Instructions for the task :: A verbatim transcription of the listing below is required, without its pictures.

##### Supplied information

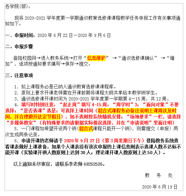 关于申报2020-2021学年度第一学期通识教育选修课教学任务的通知
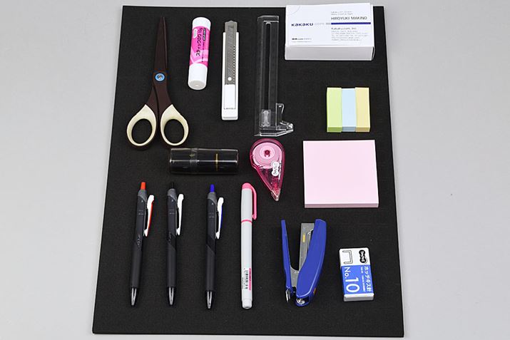 次に、レイアウトを決めるために、1軍文房具をベースシートの上に並べていく。筆者の場合、デスクの右側にある引き出しに入れるわけなので、1軍の中の“エース”である赤のボールペンやはさみ、印鑑を、自分に一番近い左側から配置していった。
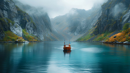 An orange fishing boat sails on a calm, blue fjord in Norway, flanked by towering, mist-shrouded mountains and lush green and orange foliage.

##########

Solution below ::
 关于申报2020-2021学年度第一学期通识教育选修课教学任务的通知
 次に、レイアウトを決めるために、1軍文房具をベースシートの上に並べていく。筆者の場合、デスクの右側にある引き出しに入れるわけなので、1軍の中の“エース”である赤のボールペンやはさみ、印鑑を、自分に一番近い左側から配置していった。
 An orange fishing boat sails on a calm, blue fjord in Norway, flanked by towering, mist-shrouded mountains and lush green and orange foliage.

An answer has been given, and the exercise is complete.